What is needed ▸ Would you please transcribe the data in full and exactly, excluding images?

────

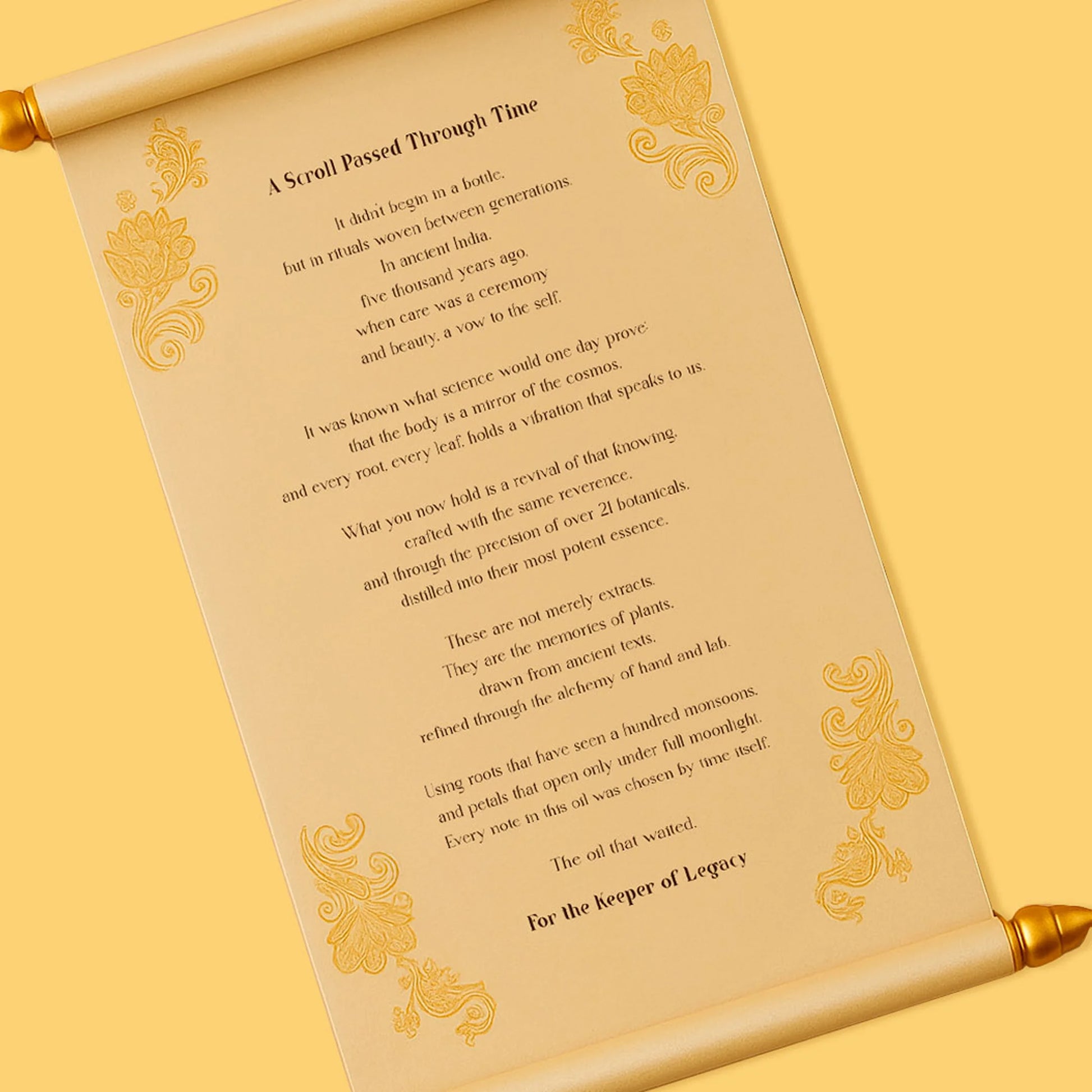 Legacy Scroll – A Scroll Passed Through Time, carrying the journey from ancient rituals & sacred botanicals to the oil you hold today. Free Shipping on orders over $50.
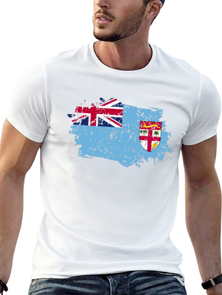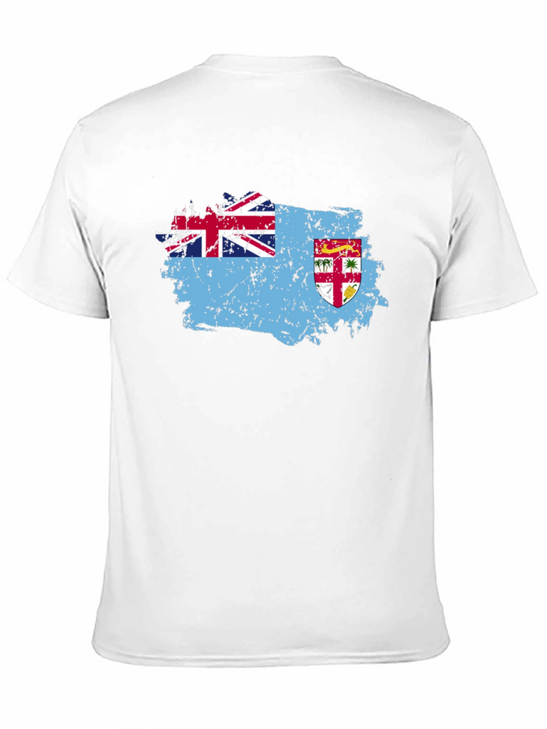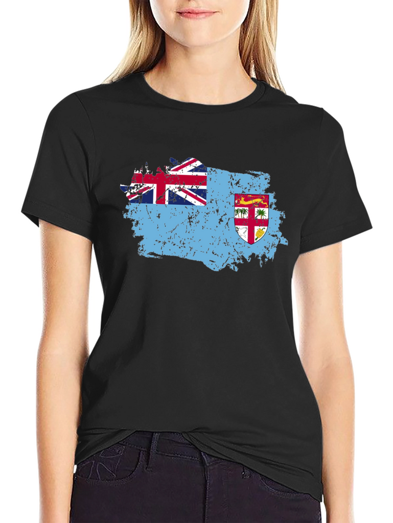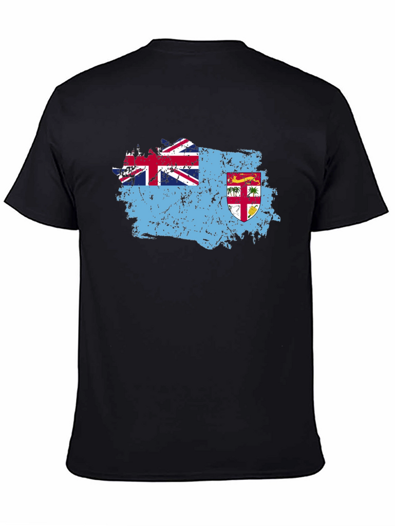 Show your Fijian pride with this unique t-shirt! The shirt features a distressed-style graphic of the Fiji flag, giving it a cool, vintage look. The design is printed on a soft, comfortable black fabric. This tee is perfect for casual wear, sporting events, or as a souvenir. Makes a great gift for Fijians and Fiji enthusiasts alike. Easy to pair with jeans, shorts, or casual bottoms for a stylish and effortless outfit. Wear your Fijian heritage with pride!
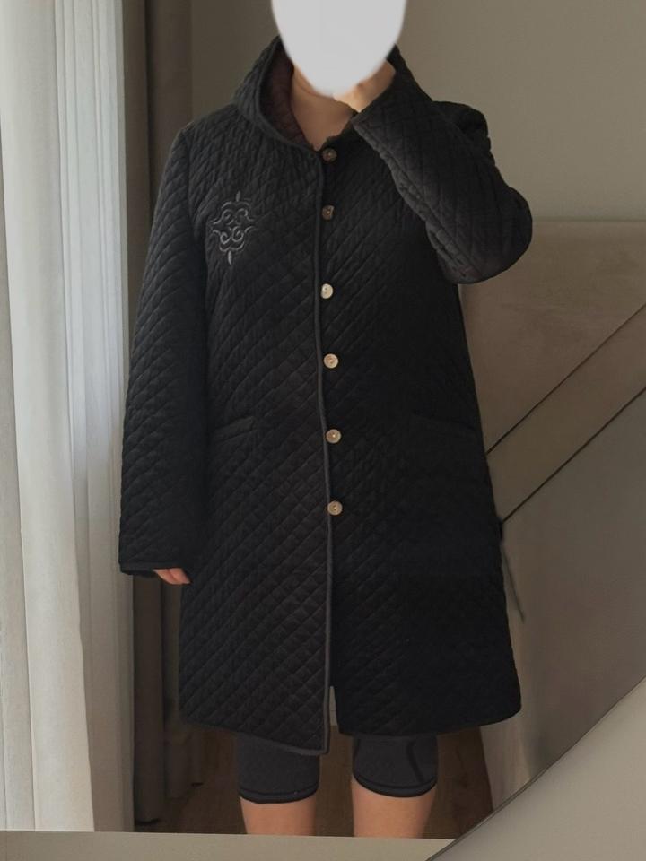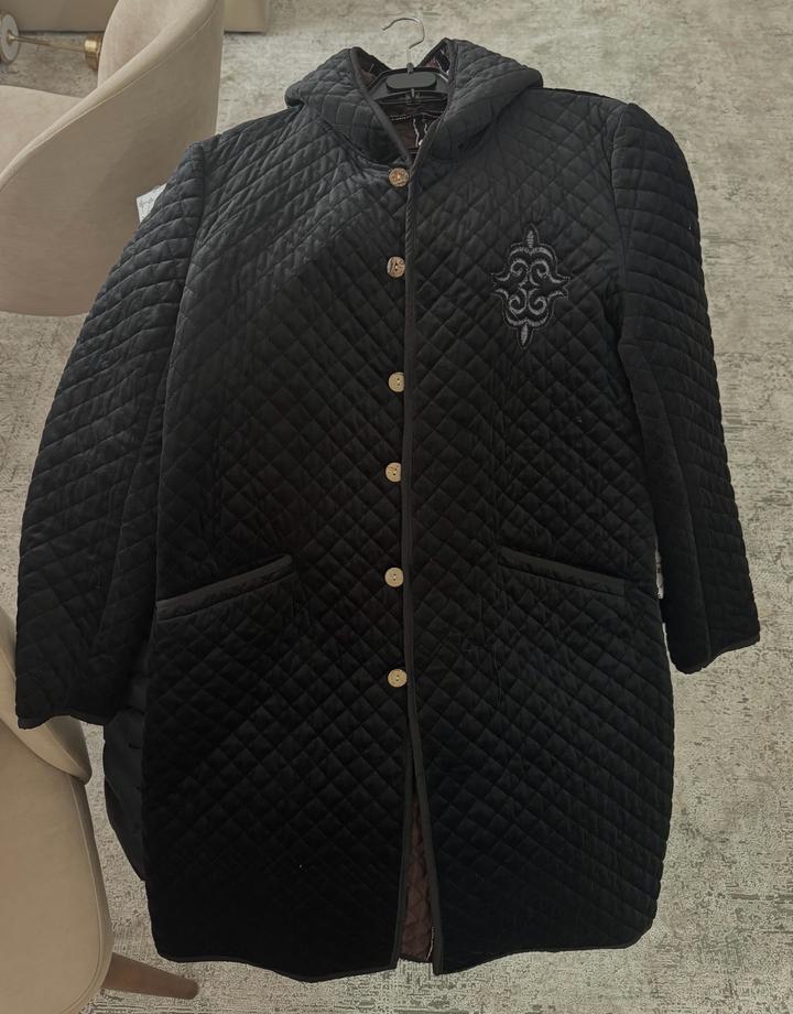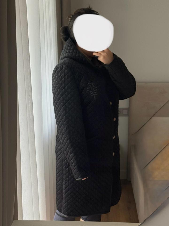 Современный шапан с капюшоном на весну/осень. Не плотный, но теплый внутри. Новый неодеванный! Подарили маме, но к сожалению не подошел размер. На фото модель ростом 162 см, размер Л в футболке внутри. Артикул: 551436
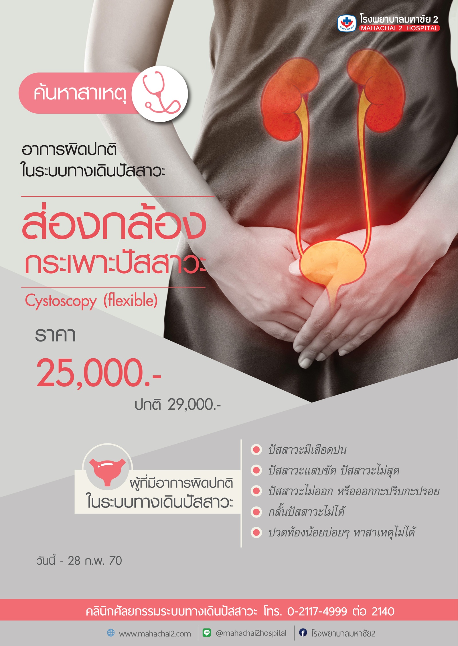 เป็นการค้นหาสาเหตุอาการผิดปกติในระบบทางเดินปัสสาวะ ผ่านกล้องชนิดพิเศษที่ช่วยให้แพทย์สามารถมองเห็นเนื้อเยื่อที่อยู่ในทางเดินปัสสาวะได้ หากพบว่าตนเองมีความผิดปกติในระบบทางเดินปัสสาวะ ควรปรึกษาแพทย์และเข้ารับการตรวจ
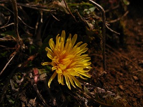 申し訳程度に咲くタンポポ、キジムシロの黄色など
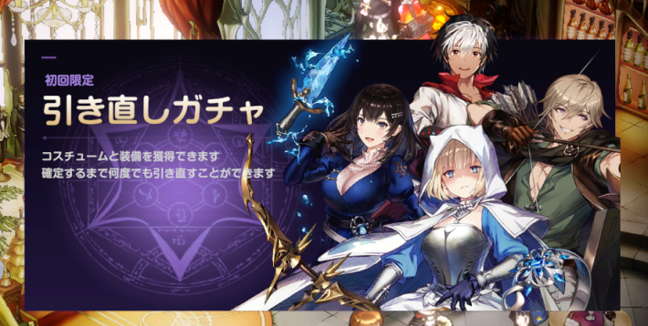 引き直しガチャは、確定するまで何度でも引き直せる初回専用のガチャです。排出されるコスチュームは決まっているので、欲しいキャラ(コスチューム)が出るまで引き直しましょう。
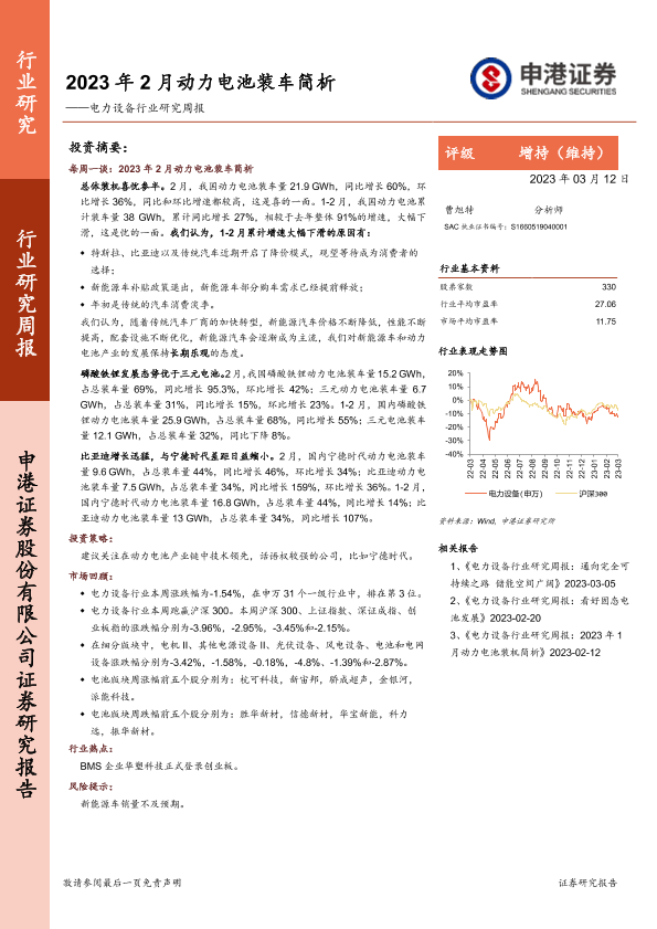 【申港证券】【20230312】2023年2月动力电池装车简析-11页

────

Result ▸
 Legacy Scroll – A Scroll Passed Through Time, carrying the journey from ancient rituals & sacred botanicals to the oil you hold today. Free Shipping on orders over $50.
 Show your Fijian pride with this unique t-shirt! The shirt features a distressed-style graphic of the Fiji flag, giving it a cool, vintage look. The design is printed on a soft, comfortable black fabric. This tee is perfect for casual wear, sporting events, or as a souvenir. Makes a great gift for Fijians and Fiji enthusiasts alike. Easy to pair with jeans, shorts, or casual bottoms for a stylish and effortless outfit. Wear your Fijian heritage with pride!
 Современный шапан с капюшоном на весну/осень. Не плотный, но теплый внутри. Новый неодеванный! Подарили маме, но к сожалению не подошел размер. На фото модель ростом 162 см, размер Л в футболке внутри. Артикул: 551436
 เป็นการค้นหาสาเหตุอาการผิดปกติในระบบทางเดินปัสสาวะ ผ่านกล้องชนิดพิเศษที่ช่วยให้แพทย์สามารถมองเห็นเนื้อเยื่อที่อยู่ในทางเดินปัสสาวะได้ หากพบว่าตนเองมีความผิดปกติในระบบทางเดินปัสสาวะ ควรปรึกษาแพทย์และเข้ารับการตรวจ
 申し訳程度に咲くタンポポ、キジムシロの黄色など
 引き直しガチャは、確定するまで何度でも引き直せる初回専用のガチャです。排出されるコスチュームは決まっているので、欲しいキャラ(コスチューム)が出るまで引き直しましょう。
 【申港证券】【20230312】2023年2月动力电池装车简析-11页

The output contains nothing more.